A copy of each Code of Ethics that has been in effect at any time during the past five years;
A record of any violation of the Code and any action taken as a result of such violation for five years from the end of the fiscal year in which the violation occurred;
A record of written acknowledgements and/or attestation statements of receipt of the Code and amendments for each person who is currently, or within the past five years was, a supervised person or consultant.
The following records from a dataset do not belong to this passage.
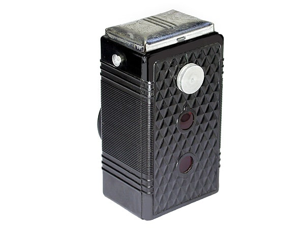 Boxkamera für den Rollfilm 127 (Aufnahmeformat ca. 3 x 4 cm) im Design einer zweiäugigen Spiegelreflexkamera, hergestellt ab 1947 in den USA bei Metropolitan Industries, Chicago. Objektiv: Meniskus Maestar Lens, 57,5 mm Brennweite; Fixfokus. Großer Brillantsucher mit aufklappbarem Lichtschacht. Einfachverschluss (Time, Instant = M, B); manuelle Belichtungssteuerung. Bakelitgehäuse.
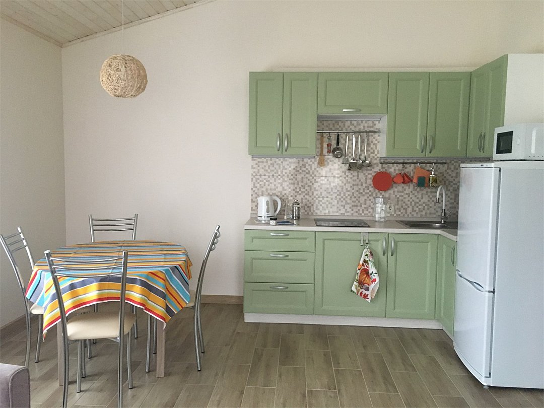 телевизор, спутниковое телевидение, Wi-Fi, холодильник, светильник, настольные лампы, плита для приготовления пищи, микроволновая печь, ванная комната, душевая кабина, банные полотенца, терраса, две односпальные или большая двуспальная кровать, ортопедический матрас, стулья, шкаф для одежды, вешалки, обеденный стол, комод, ковер, две комнаты, чайник, унитаз, раковина, обеденная зона, гостиная зона, отопление, ламинат, кухонная посуда, стаканы, кухонная утварь, столовые приборы, туалетные средства, мангал, принадлежности для барбекю, сушилка для белья, диван-кровать, раскладной диван, кухонный уголок, москитная сетка, номер для некурящих, вид на лес, набор для приготовления чая и кофе, вешалки-плечики, верандаВ коттедже
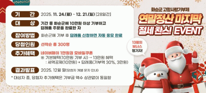 [¹Ìµð¾îÀü³² Á¦°¥´ëÁ¾ ±âÀÚ]ȼø±ºÀº ¿¬¸»À» ¸Â¾Æ °íÇâ»ç¶û±âºÎÁ¦ ¡®¿¬¸»Á¤»ê ¸¶Áö¸· Àý¼¼ Âù½º!¡¯ À̺¥Æ®¸¦ ¿À´Â 11¿ù 24ÀϺÎÅÍ 12¿ù 21ÀϱîÁö(28Àϰ£) ÁøÇàÇÑ´Ù°í ¹àÇû´Ù. À̹ø À̺¥Æ®´Â ¿¬¸»Á¤»ê ½ÃÁðÀ» ´ëºñÇØ °íÇâ»ç¶û±âºÎÁ¦ÀÇ ¼¼¡¦
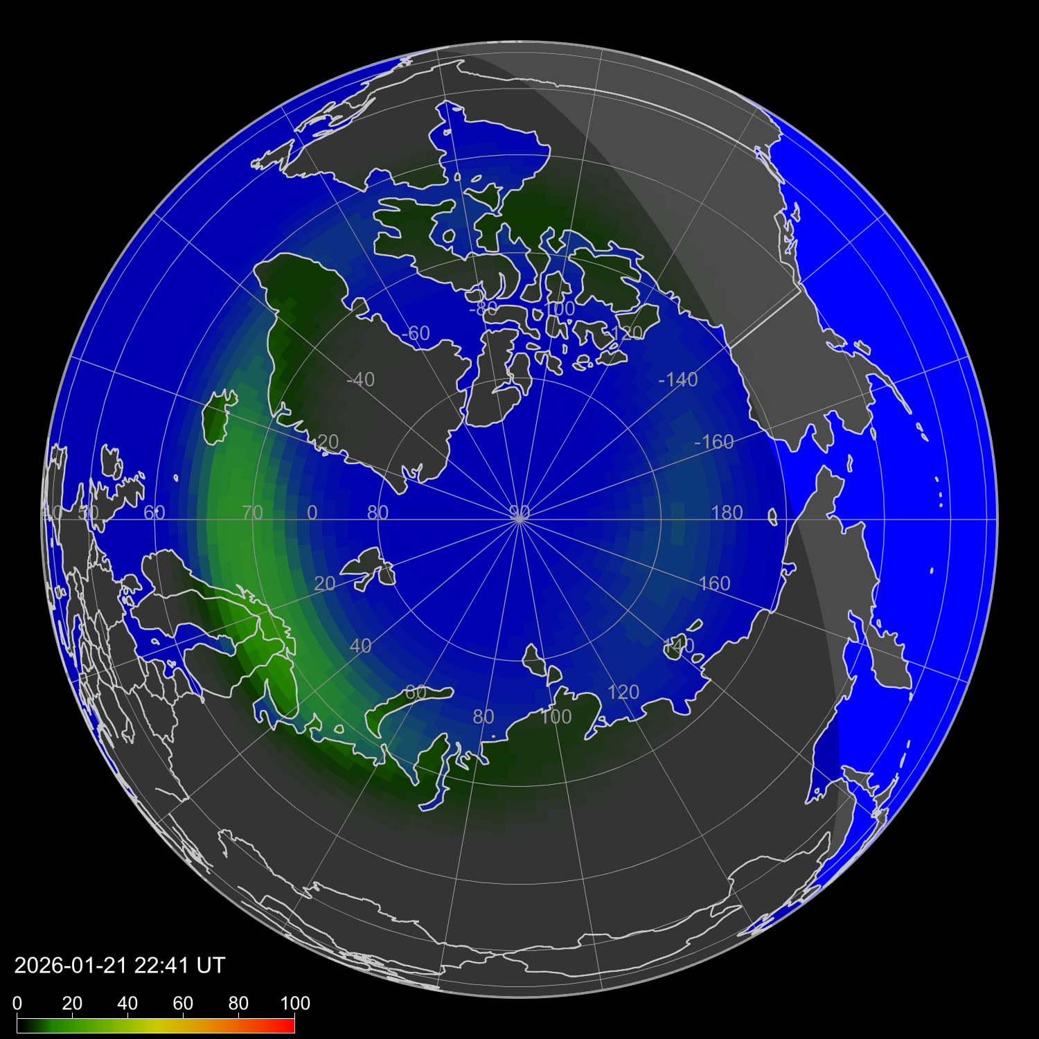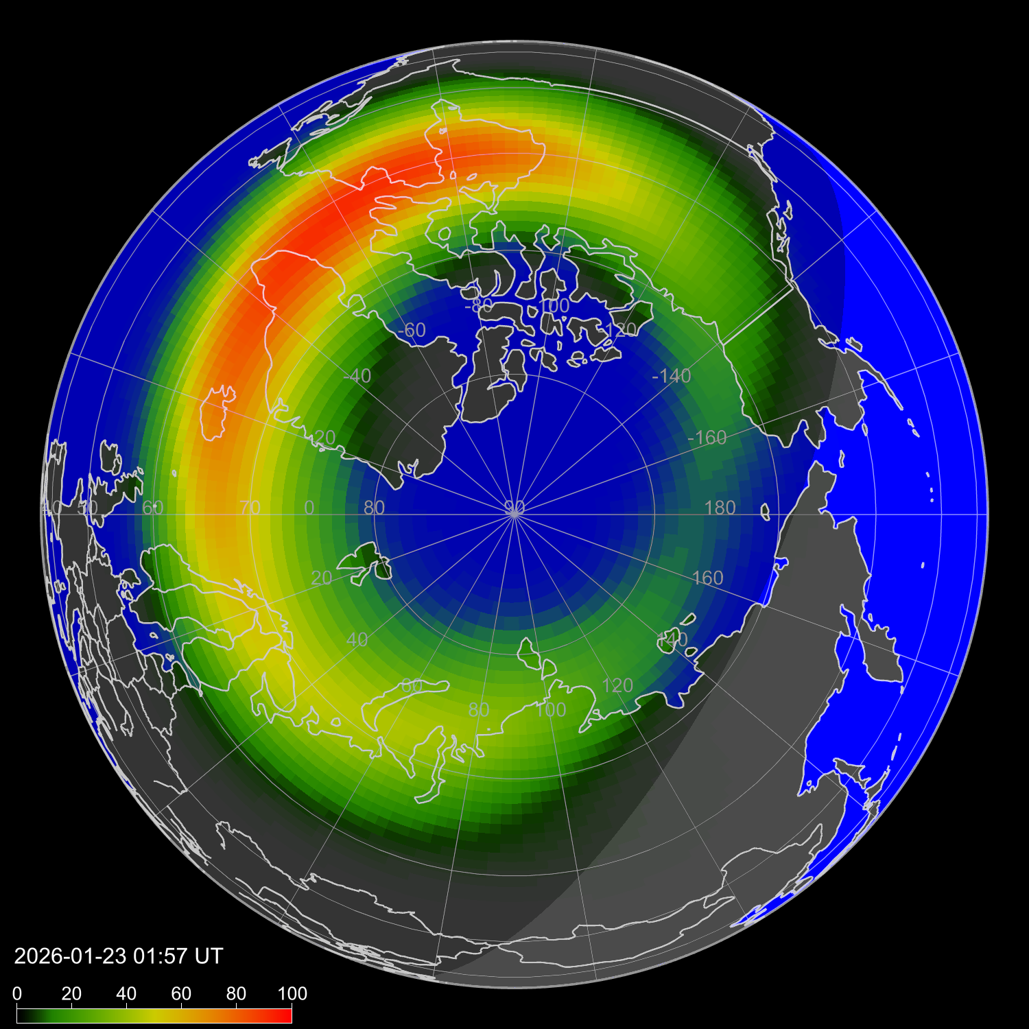 Зона полярных сияний в северном полушарии
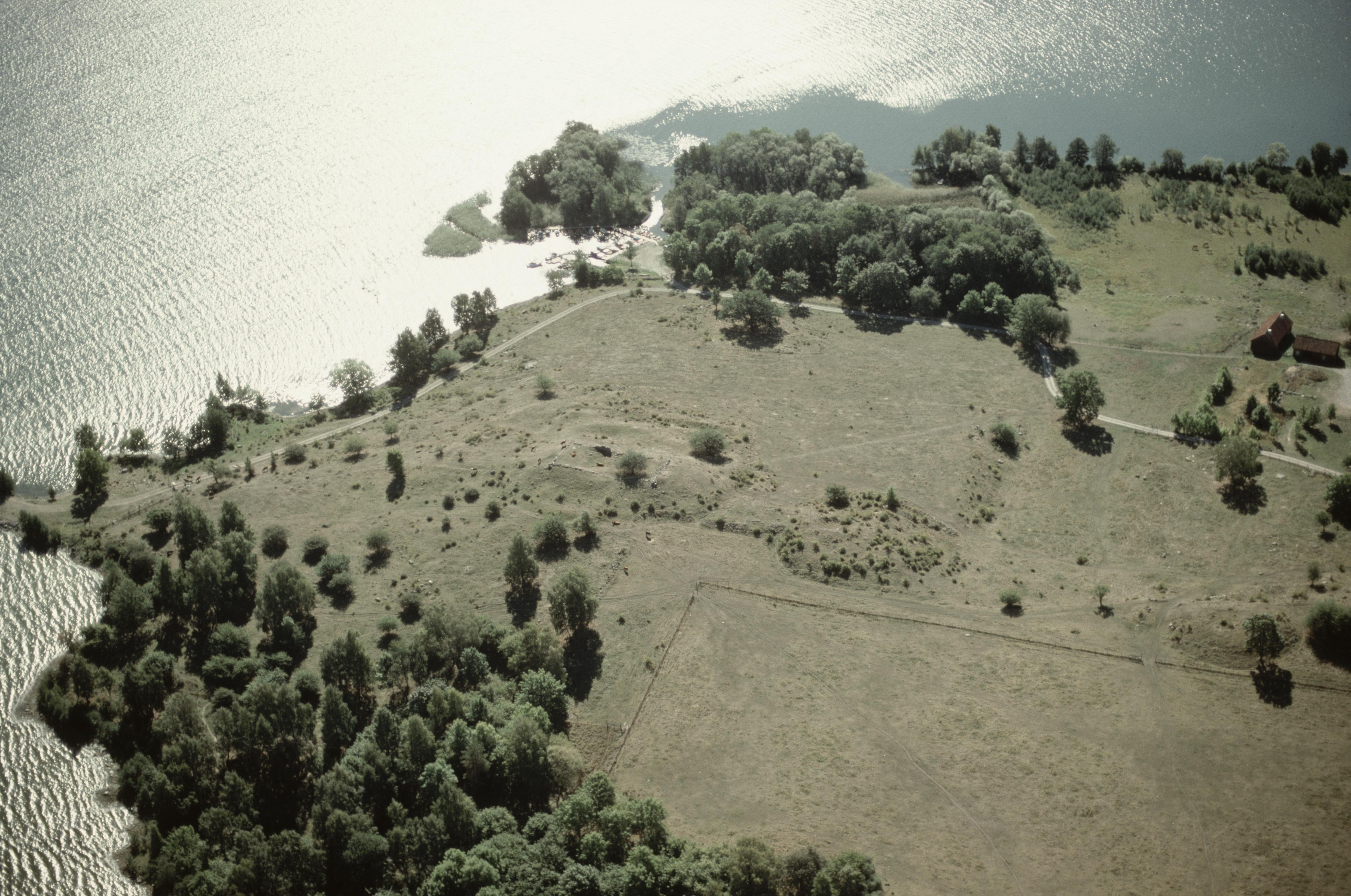 Beskrivning: Fornlämningsområdet Hovgården RAÄnr Adelsö 46:2 på Adelsön vid Hovgårdsfjärden i Mälaren. Alsnö hus RAÄnr Adelsö 47:1, stensättningar Adelsö 236 och 237, Kungshögarna Adelsö 48:1-6 m.fl. Bilden är tagen mot (väderstreck): S
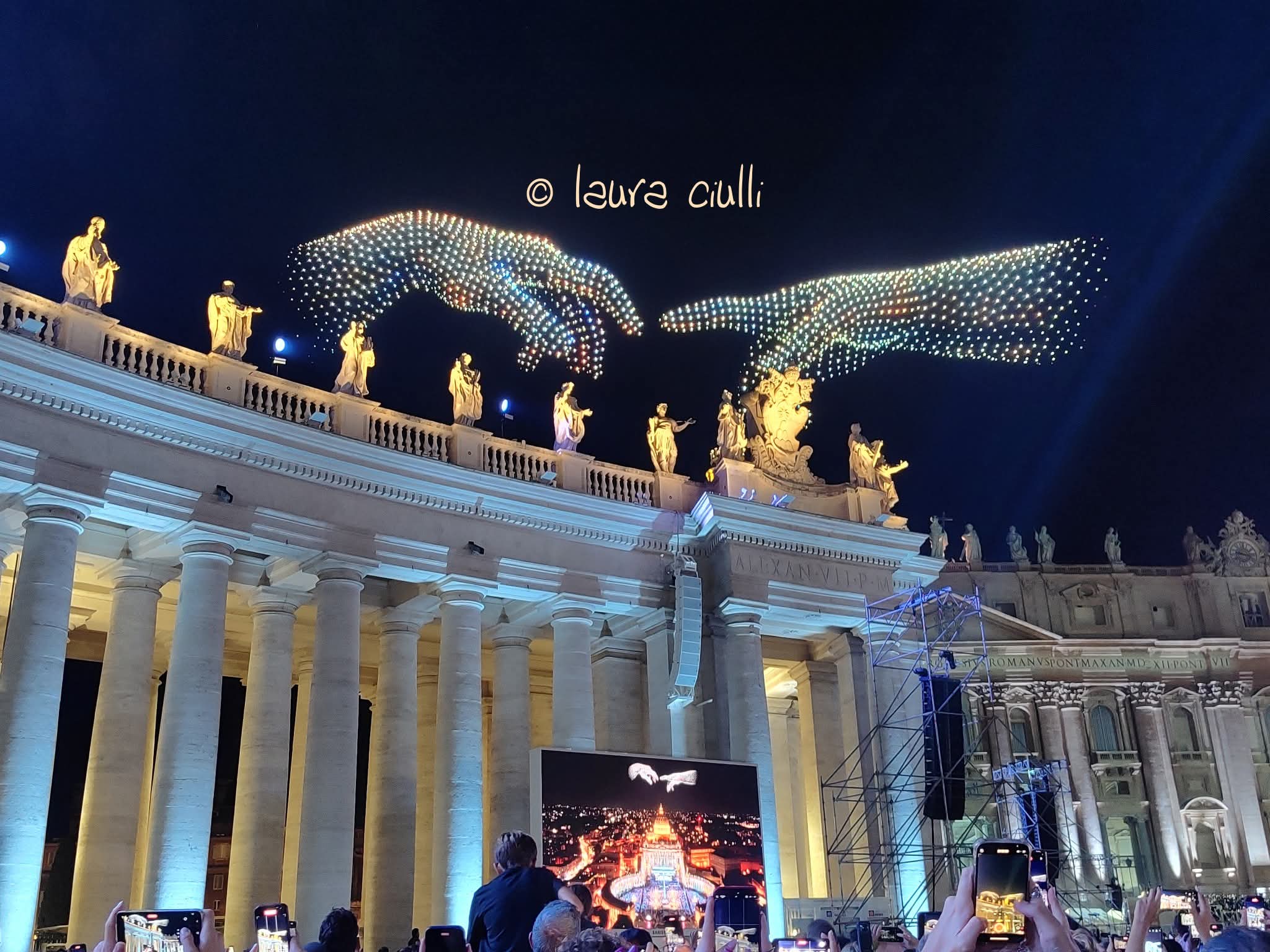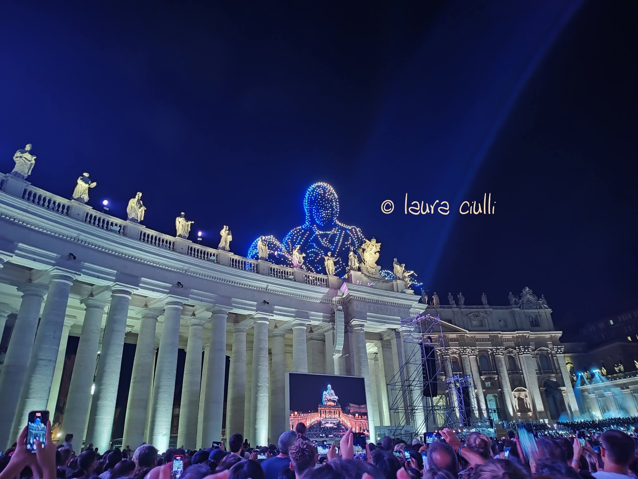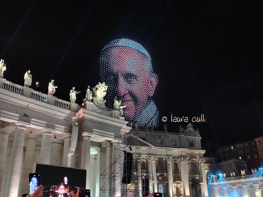 La Cupola michelangiolesca come sfondo e nel cielo 3000 droni disegnatori del volto di Papa Francesco, opera di Nova Sky Stories, sulle note dell’acclamato Andrea Bocelli, per ricordare l’autore della enciclica “Fratelli tutti”, ma anche la “Pietà “, la “Creazione di Adamo” di Michelangelo, con oltre oltre 80mila persone entusiaste, mentre nel mondo si sta diffondendo un clima di odio, che preoccupa ormai anche il nostro Paese.

These records must be kept for five years after the individual ceases to be a supervised person or consultant of the firm;
Holdings and transactions reports made pursuant to the Code, including any brokerage confirmation and account statements made in lieu of these reports;
A list of the names of persons who are currently, or within the past five years were, access persons, supervised persons or consultants of the firm;

A record of any decision and supporting reasons for approving the acquisition of securities by access persons, supervised persons or consultants in Initial Public Offerings and limited offerings for at least five years after the end of the fiscal year in which approval was granted;
A record of any decisions that grant supervised persons or consultants a waiver from or exception to the Code.

 

 

 

Annual Review

 

CCO shall review at least annually the adequacy of this Code of Ethics and the effectiveness of its implementation and make any changes needed.

 

Sanctions

 

Any violations discovered by or reported to the CCO shall be reviewed and investigated promptly, and reported through the CCO to the CEO or other managing member(s) of the firm. Such report shall include the corrective action taken and any recommendation for disciplinary action deemed appropriate by the CCO. Such recommendation shall be based on, among other things, the severity of the infraction, whether it is a first or repeat offense, and whether it is part of a pattern of disregard for the letter and intent of this Code of Ethics. Upon recommendation of the CCO, the managing members of the firm who are not involved in the violation may impose such sanctions for violation of this Code of Ethics as they deem appropriate, including, but not limited to:

 

Letter of censure;
Suspension or termination of employment;
Reversal of a securities trade at the violator’s expense and risk, including disgorgement of any profit;
In serious cases, referral to law enforcement or regulatory authorities.